Work item:
Once the line containing "MAWE of bioactive" is found in the entries below, reproduce it and every line after it, stopping at and including the line containing "Claus Porto Soap"; reproduce nothing else, and keep each line exact.

Records provided:
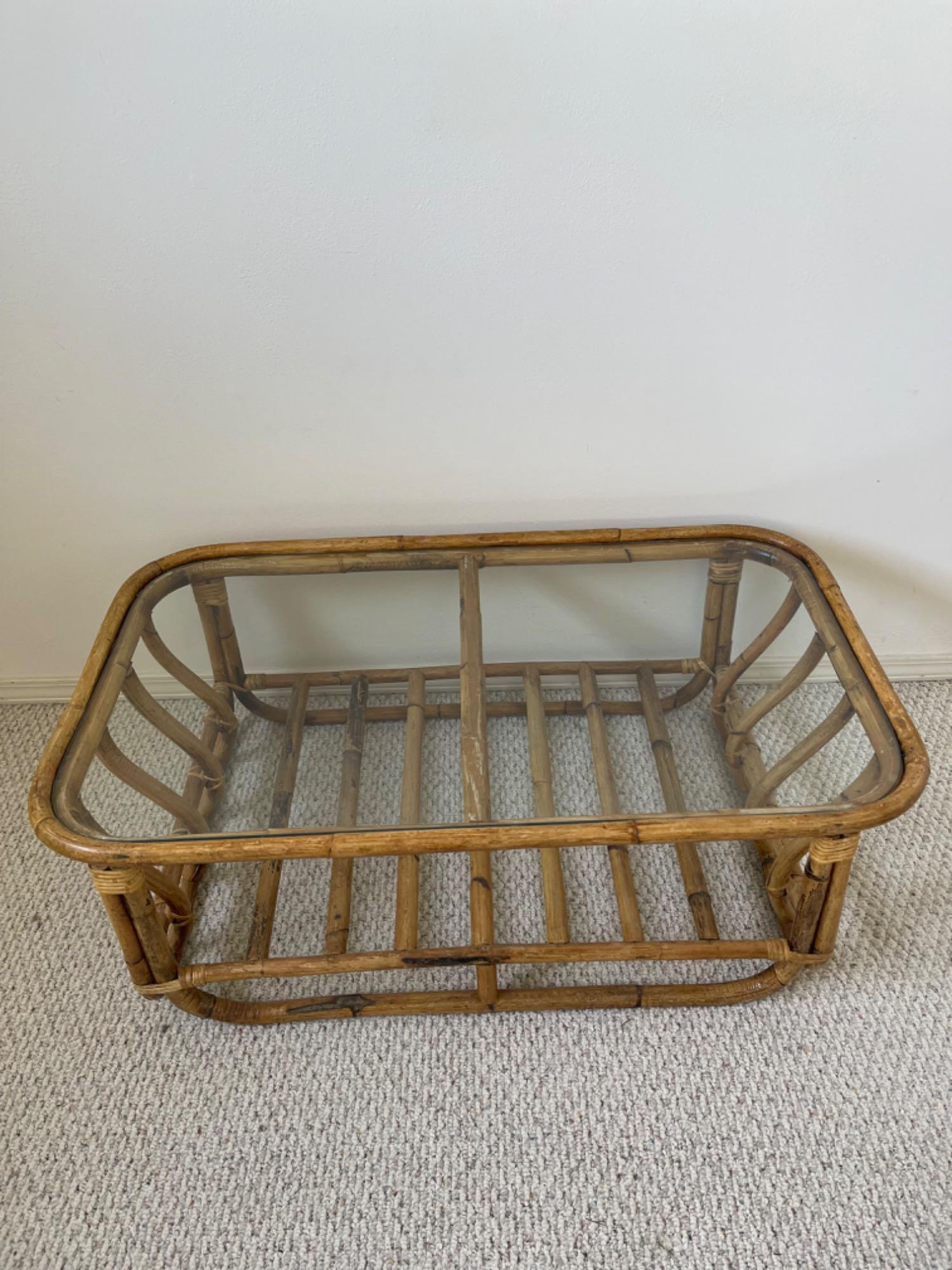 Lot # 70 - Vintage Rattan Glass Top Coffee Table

---

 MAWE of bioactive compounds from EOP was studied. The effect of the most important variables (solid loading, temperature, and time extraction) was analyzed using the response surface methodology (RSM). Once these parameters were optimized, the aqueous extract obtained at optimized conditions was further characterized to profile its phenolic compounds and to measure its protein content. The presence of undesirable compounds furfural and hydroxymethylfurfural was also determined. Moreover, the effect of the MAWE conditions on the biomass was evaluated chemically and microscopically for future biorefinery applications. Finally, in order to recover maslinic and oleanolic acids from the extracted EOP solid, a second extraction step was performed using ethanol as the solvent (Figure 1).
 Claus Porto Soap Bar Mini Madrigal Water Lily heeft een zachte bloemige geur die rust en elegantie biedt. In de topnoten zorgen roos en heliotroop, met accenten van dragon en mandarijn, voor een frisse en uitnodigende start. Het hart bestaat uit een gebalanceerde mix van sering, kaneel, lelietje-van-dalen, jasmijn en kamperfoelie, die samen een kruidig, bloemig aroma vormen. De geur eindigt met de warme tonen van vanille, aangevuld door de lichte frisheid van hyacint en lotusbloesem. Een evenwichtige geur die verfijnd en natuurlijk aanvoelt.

Answer to the exercise:
 MAWE of bioactive compounds from EOP was studied. The effect of the most important variables (solid loading, temperature, and time extraction) was analyzed using the response surface methodology (RSM). Once these parameters were optimized, the aqueous extract obtained at optimized conditions was further characterized to profile its phenolic compounds and to measure its protein content. The presence of undesirable compounds furfural and hydroxymethylfurfural was also determined. Moreover, the effect of the MAWE conditions on the biomass was evaluated chemically and microscopically for future biorefinery applications. Finally, in order to recover maslinic and oleanolic acids from the extracted EOP solid, a second extraction step was performed using ethanol as the solvent (Figure 1).
 Claus Porto Soap Bar Mini Madrigal Water Lily heeft een zachte bloemige geur die rust en elegantie biedt. In de topnoten zorgen roos en heliotroop, met accenten van dragon en mandarijn, voor een frisse en uitnodigende start. Het hart bestaat uit een gebalanceerde mix van sering, kaneel, lelietje-van-dalen, jasmijn en kamperfoelie, die samen een kruidig, bloemig aroma vormen. De geur eindigt met de warme tonen van vanille, aangevuld door de lichte frisheid van hyacint en lotusbloesem. Een evenwichtige geur die verfijnd en natuurlijk aanvoelt.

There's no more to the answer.